What to work on
Print the data below again in full, exactly as it stands, with no images.

Saved data entries
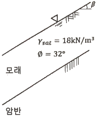 그림과 같이 c=0인 모래로 이루어진 무한사면이 안정을 유지(안전율≥1)하기 위한 경사각(β)의 크기로 옳은 것은? (단, 물의 단위중량은 9.81kN/m3이다.)
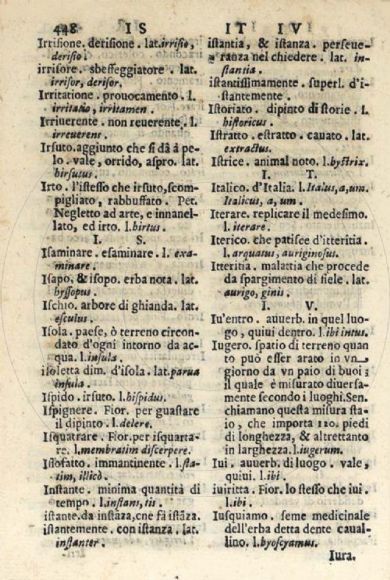 Politi, Adriano <1542-1625> Dittionario toscano compendio del vocabolario della Crusca : con la nota di tutte le differenze di lingua che sono trà questi due populi fiorentino, e senese / compilato dal sig. Adriano Politi. - Roma : Gio. Angelo Ruffinelli, 1614. Roma, Biblioteca nazionale centrale, 6. 11.G.47
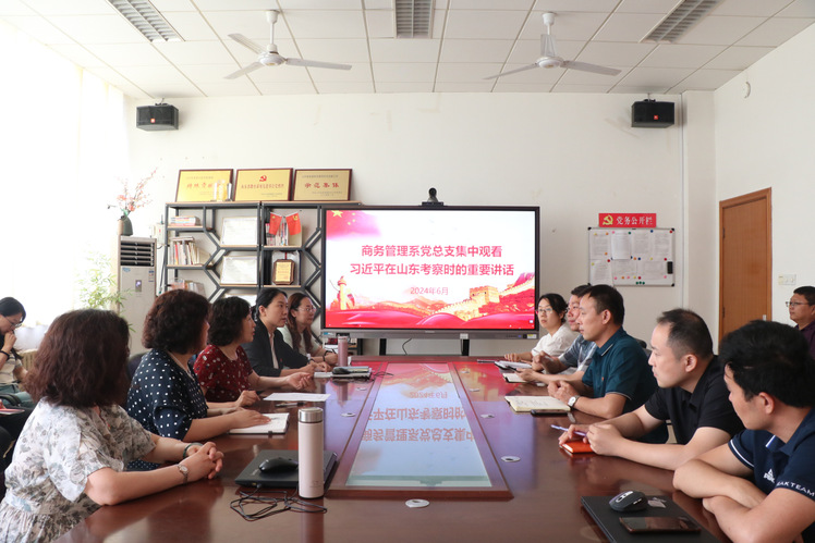 6月6日下午,商务管理系党总支召开理论学习会议,专题学习习近平总书记在山东考察时的重要讲话。商务管理系党总支全体党员参加集体学习。通过此次学习,党员同志深刻学习了习近平总书记对山东全面深化改革及高质量发展的深邃思考和战略谋划,感受到了习近平总书记对齐鲁大地的深切关怀,全体党员进一步提振了士气、树立了发展信心,大家纷纷表示要牢记习近平总书记所指方向继续稳扎稳打、努力奋斗。
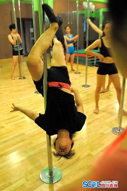 Dai Dali, 70, practices pole dancing in Chengdu city, capital of southwest China's Sichuan province. (Photo/ scol.com.cn)
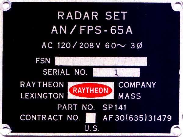 The serial number plate of the AN/FPS-65 at the Verona Test Site. Note serial # 1.
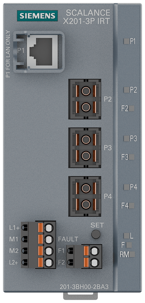 SIEMENS - SCALANCE X201-3P IRT, managed switch di Layer 2, 1x RJ45, 3x SC RJ POF

Written answer
 그림과 같이 c=0인 모래로 이루어진 무한사면이 안정을 유지(안전율≥1)하기 위한 경사각(β)의 크기로 옳은 것은? (단, 물의 단위중량은 9.81kN/m3이다.)
 Politi, Adriano <1542-1625> Dittionario toscano compendio del vocabolario della Crusca : con la nota di tutte le differenze di lingua che sono trà questi due populi fiorentino, e senese / compilato dal sig. Adriano Politi. - Roma : Gio. Angelo Ruffinelli, 1614. Roma, Biblioteca nazionale centrale, 6. 11.G.47
 6月6日下午,商务管理系党总支召开理论学习会议,专题学习习近平总书记在山东考察时的重要讲话。商务管理系党总支全体党员参加集体学习。通过此次学习,党员同志深刻学习了习近平总书记对山东全面深化改革及高质量发展的深邃思考和战略谋划,感受到了习近平总书记对齐鲁大地的深切关怀,全体党员进一步提振了士气、树立了发展信心,大家纷纷表示要牢记习近平总书记所指方向继续稳扎稳打、努力奋斗。
 Dai Dali, 70, practices pole dancing in Chengdu city, capital of southwest China's Sichuan province. (Photo/ scol.com.cn)
 The serial number plate of the AN/FPS-65 at the Verona Test Site. Note serial # 1.
 SIEMENS - SCALANCE X201-3P IRT, managed switch di Layer 2, 1x RJ45, 3x SC RJ POF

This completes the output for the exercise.